Last Friday evening, after a marathon session in Downing Street with the political parties, the Prime Minister issued a statement. He said that he was setting a deadline of 30th June for the culmination of the talks between the political parties in Northern Ireland in relation to the Belfast agreement. That is yet another deadline. However, he said that that deadline will be the final one and that agreement had to be found by 30th June.

If deadlines have to be met, and that is the final deadline, it is all right for the Prime Minister to lay down a deadline again to freely elected representatives from Northern Ireland, no matter how much they may disagree with each other. But he referred to 30th June, the date on which he demands that the political parties find agreement. Perhaps he could also say that those bodies must be returned on that date, so that we would have a date on which those bodies will be returned and that will prove the bona fides of both Governments.
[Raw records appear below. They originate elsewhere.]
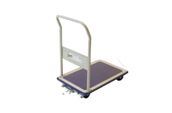 A steel trolley with a fixed handle. Ideal for transporting goods in factories, warehouses, and retail stores. Features a foot-pedal brake.
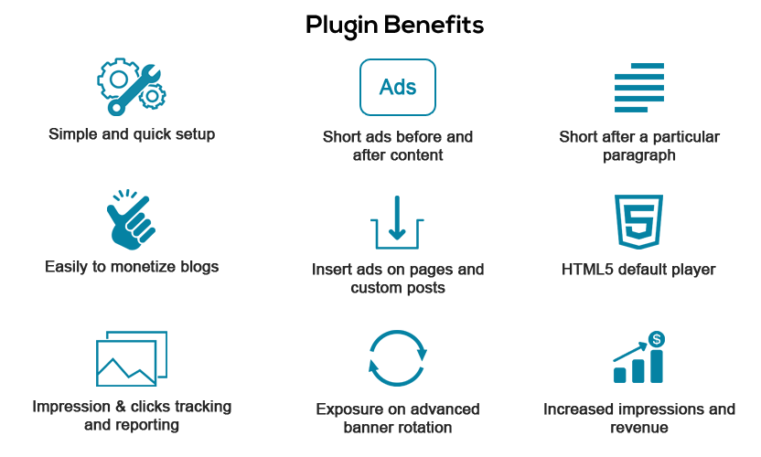 The plugin is embedded with three best ad formats available in the industry; Advanced N Banner Rotation, Interstital Image and HTML5 video creative. Along with the these formats other additional formats can be added with the plugin based on requirement.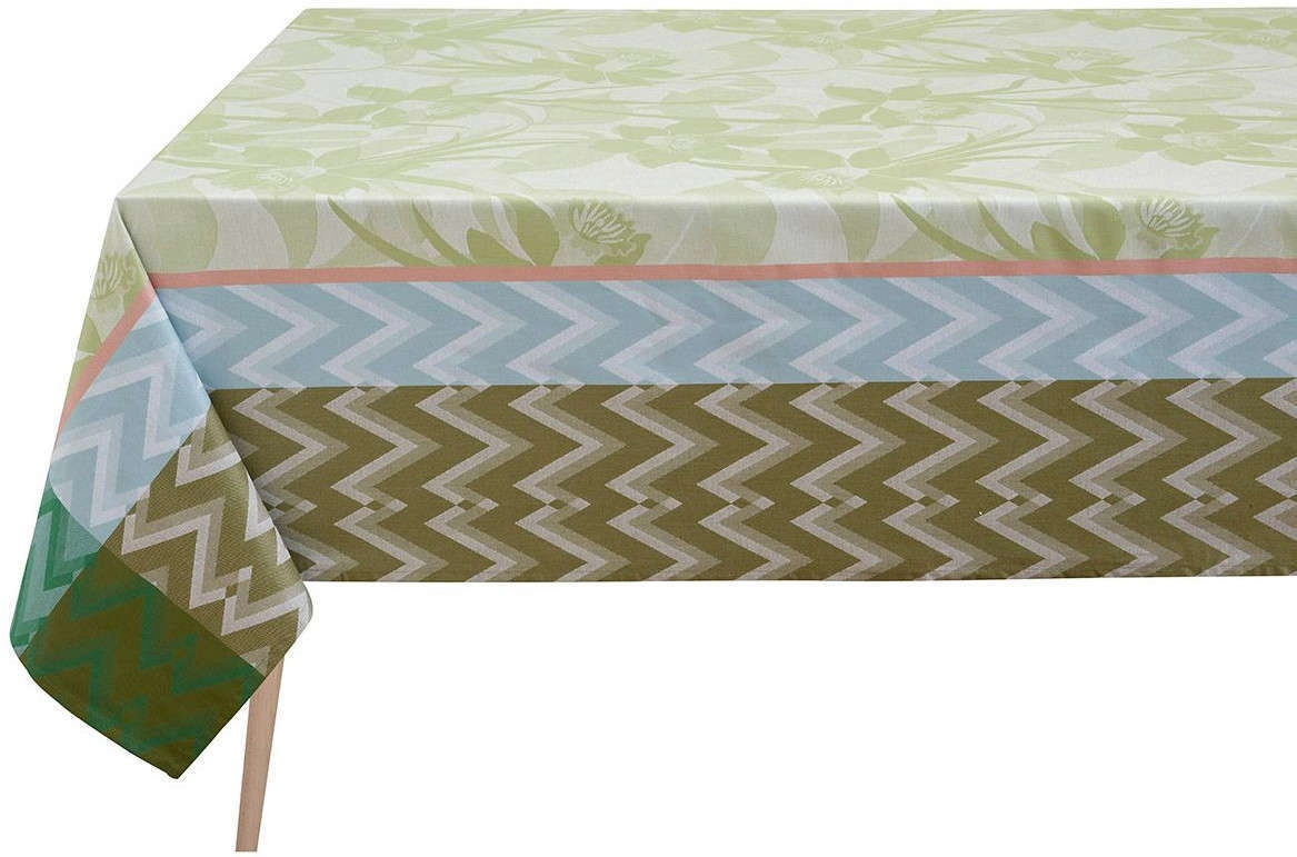 Kolekcja La Vie en Vosges, jak sama nazwa wskazuje, nawiązuje do przepięknych i malowniczych krajobrazów regionów Vosges. Świeże kolory zostały wzbogacone w duże, kwitnące żonkile oraz współczesną jodełkę w różnych odcieniach. Naturalność i powiem wiosny na Twoim stole! Wszystkie produkty z tej kolekcji zostały wykonane w 100% z bawełny czesanej z długimi włóknami, które gwarantują wygodę użytkowania i jakość. Plamoodporna wersja jest pokryta warstwą akrylu.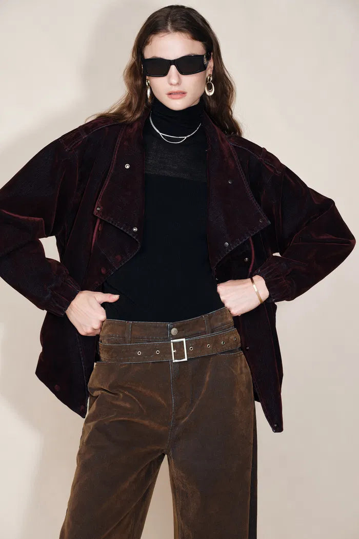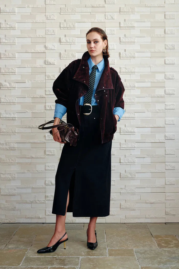 Hilda Reversible Collar Flocked Denim Jacket in Flocked Denim

I have spoken at some length and I could go on as this is an issue with which I feel personally involved. This Bill is a shabby deal, in violation of every concept of democracy and humanity as we know them. I could never support this Bill in the Lobbies if there were to be a vote.

4.11 p.m.

Lord Blease: My Lords, I support the Bill for a number of reasons, but largely on the ground of the full support it was accorded in another place, the elected Chamber of the United Kingdom. At Second Reading on 10th May, after four hours of debate, the Bill was agreed on a Division by 289 votes to 10. Only three Northern Ireland Members of the House of Commons opposed the Bill. Two days later, following almost five hours of debate in Committee and on Third Reading, the Bill was approved by 324 votes to 5, only four Northern Ireland Members opposing the measure.

It is understandable, in the existing highly charged political situation in Northern Ireland, that the sensitive and difficult nature of the laws governing terrorism and murder are being challenged. However, issues arising from the experiences and suffering of families who have not been told where their loved ones have been buried must be addressed. In the interests of humanity, reason and justice--by all means let us uphold justice--we must be sensitive enough to distinguish between the vicious and the unfortunate, between the media hype and the real, meaningful, neighbourly actions concerning the families of the disappeared.

The heart-rending stories of the victims of sectarian, bigoted, terrorist actions are distressing and harrowing. That goes for those who received the dead, those who nursed the dying and those who mourn without the bodies. The agonising suffering of the families who have not been told where their loved ones are buried must be given our earnest compassion. We must distinguish between the vicious and the unfortunate.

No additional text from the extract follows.